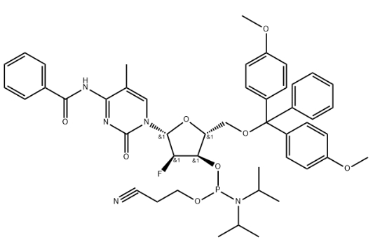 (2R,3R,4R,5R)-5-(4-benzamido-5-methyl-2-oxopyrimidin-1(2H)-yl)-2-((bis(4-methoxyphenyl)(phenyl)methoxy)methyl)-4-fluorotetrahydrofuran-3-yl (2-cyanoethyl) diisopropylphosphoramidite CAS#: 82495-83-6; ChemWhat Code: 1493951
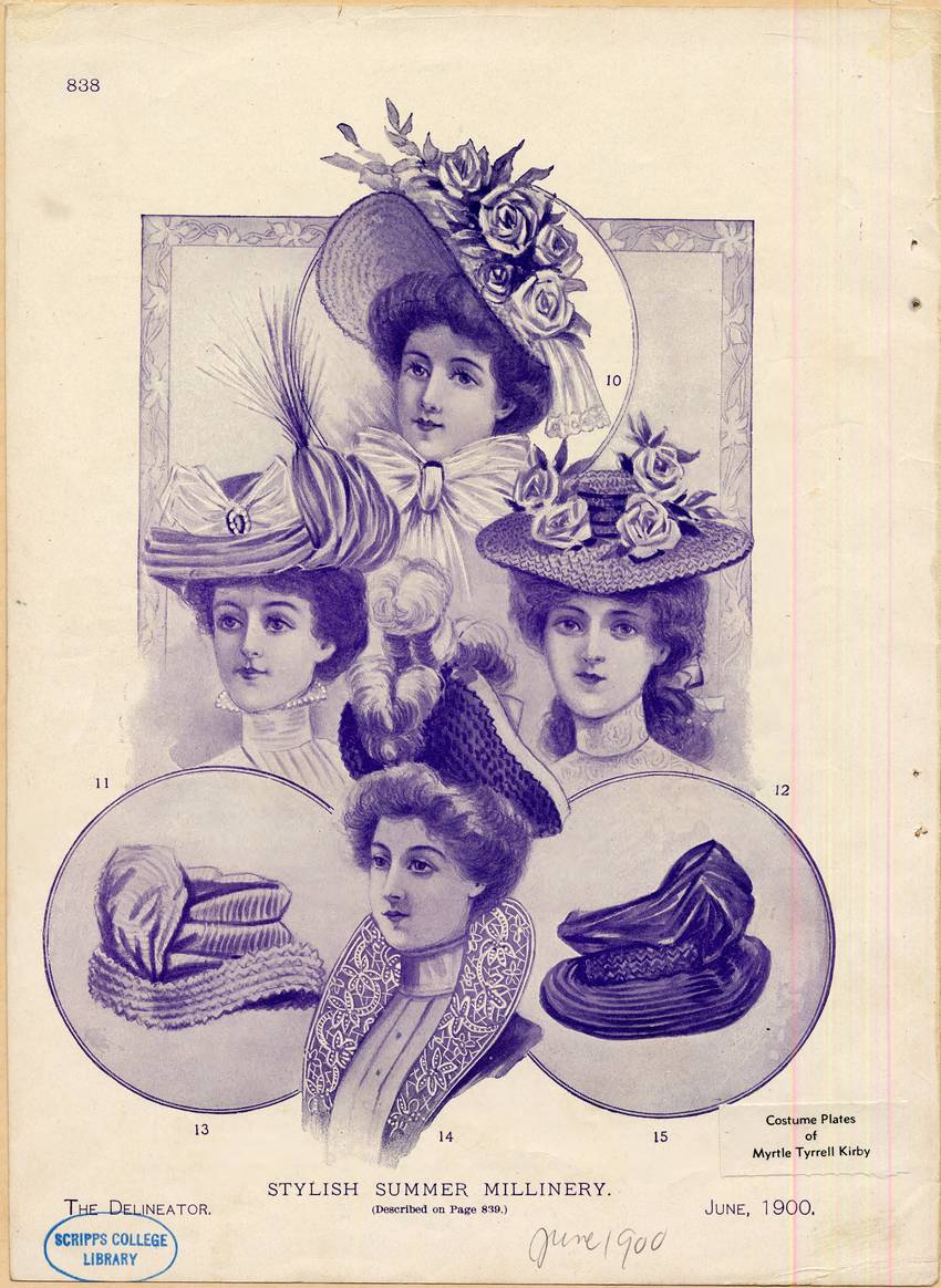 Printed in blue ink with no colors. There are four women in hats with two extra hats on either side of the woman on the bottom. They are backed with a rectangular decorated frame, and three circles setting off the woman at the top and the two hats in the bottom row. The woman at the center top wears a large white pleated bow at her neck. Her hat is a straw, with a curved brim decorated with a group of roses, with leaves and a lace fall at the side.
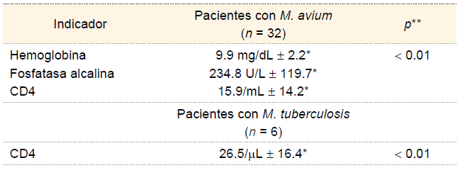 La mayoría de los pacientes con MAC, presentó cifras de hemoglobina bajas y de fosfatasa alcalina altas, asimismo presentaron un valor medio de T CD4 de 15.9/mL, resultando significativo al comparar con las células de pacientes con TB, (cuadro II). De los 32 pacientes, 5 fallecieron (15.6 %).
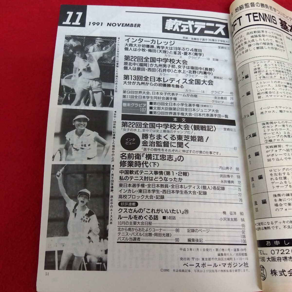 Hg-152/軟式テニス 1991年11月号 インターカレッジ 大商大が歓喜の初、青学大は19年ぶり第22回全国中学校大会 他/L2/70818
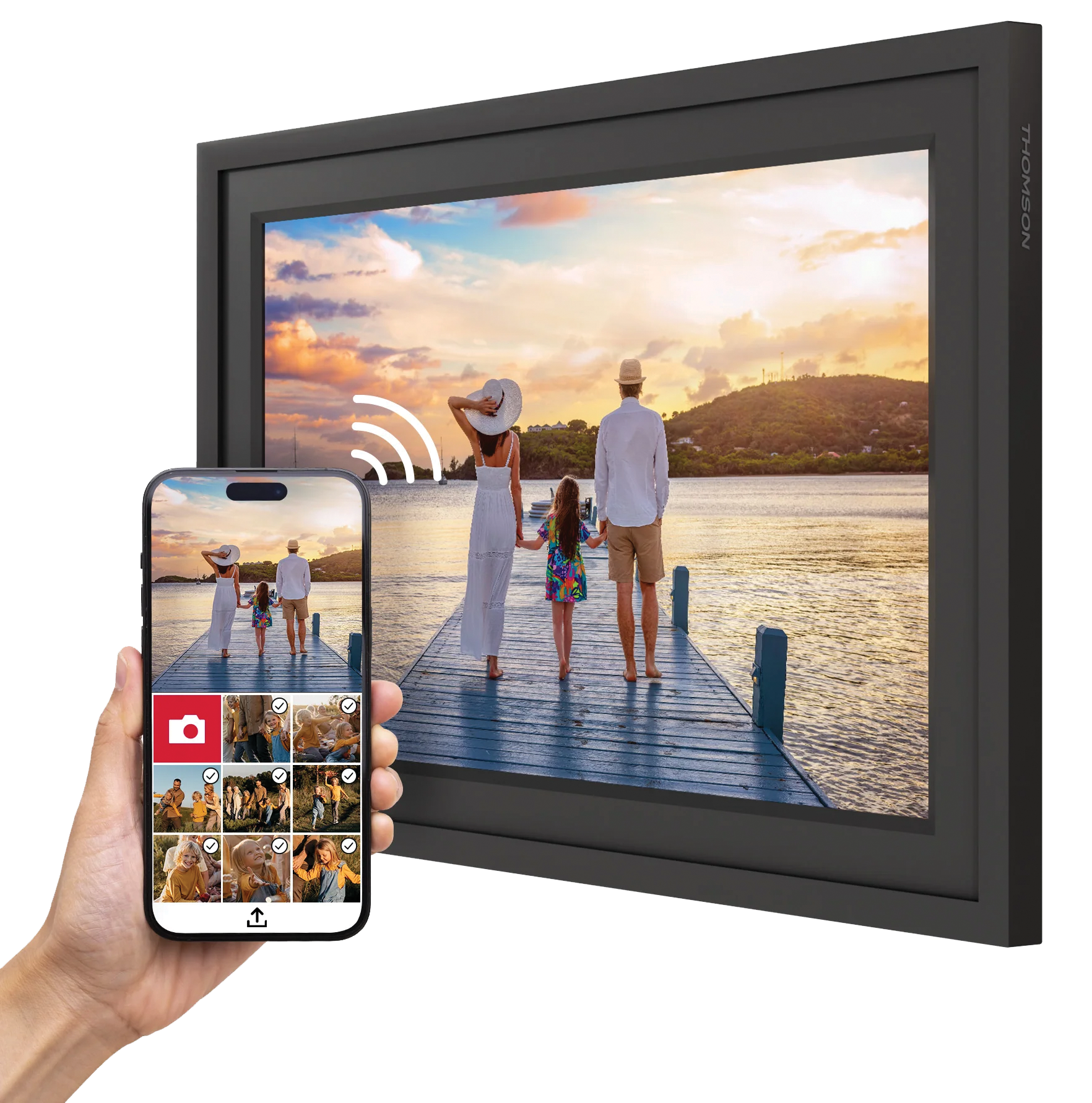 Digitálny rámček s dotykovou obrazovkou HD alebo FHD IPS zobrazujúcou videá alebo obrázky, informácie o počasí, čase, kalendári a prehrávaní hudby. Vychutnajte si plynulé prezentácie s 32 GB interným úložiskom a podporou externej SD karty s kapacitou až 256 GB. Vďaka bezplatnej aplikácii Thomson Smart Frame môžete vy a vaša rodina posielať obrázky a videá do rámčeka odkiaľkoľvek a kedykoľvek. Môže sa pripojiť viacero používateľov, čím sa rámček premení na živý album, do ktorého môže každý prispieť.

◆ **What you need to do**
In your answer, give every line of the listing above exactly, and do not include the images.

◆ **Exercise result**
 (2R,3R,4R,5R)-5-(4-benzamido-5-methyl-2-oxopyrimidin-1(2H)-yl)-2-((bis(4-methoxyphenyl)(phenyl)methoxy)methyl)-4-fluorotetrahydrofuran-3-yl (2-cyanoethyl) diisopropylphosphoramidite CAS#: 82495-83-6; ChemWhat Code: 1493951
 Printed in blue ink with no colors. There are four women in hats with two extra hats on either side of the woman on the bottom. They are backed with a rectangular decorated frame, and three circles setting off the woman at the top and the two hats in the bottom row. The woman at the center top wears a large white pleated bow at her neck. Her hat is a straw, with a curved brim decorated with a group of roses, with leaves and a lace fall at the side.
 La mayoría de los pacientes con MAC, presentó cifras de hemoglobina bajas y de fosfatasa alcalina altas, asimismo presentaron un valor medio de T CD4 de 15.9/mL, resultando significativo al comparar con las células de pacientes con TB, (cuadro II). De los 32 pacientes, 5 fallecieron (15.6 %).
 Hg-152/軟式テニス 1991年11月号 インターカレッジ 大商大が歓喜の初、青学大は19年ぶり第22回全国中学校大会 他/L2/70818
 Digitálny rámček s dotykovou obrazovkou HD alebo FHD IPS zobrazujúcou videá alebo obrázky, informácie o počasí, čase, kalendári a prehrávaní hudby. Vychutnajte si plynulé prezentácie s 32 GB interným úložiskom a podporou externej SD karty s kapacitou až 256 GB. Vďaka bezplatnej aplikácii Thomson Smart Frame môžete vy a vaša rodina posielať obrázky a videá do rámčeka odkiaľkoľvek a kedykoľvek. Môže sa pripojiť viacero používateľov, čím sa rámček premení na živý album, do ktorého môže každý prispieť.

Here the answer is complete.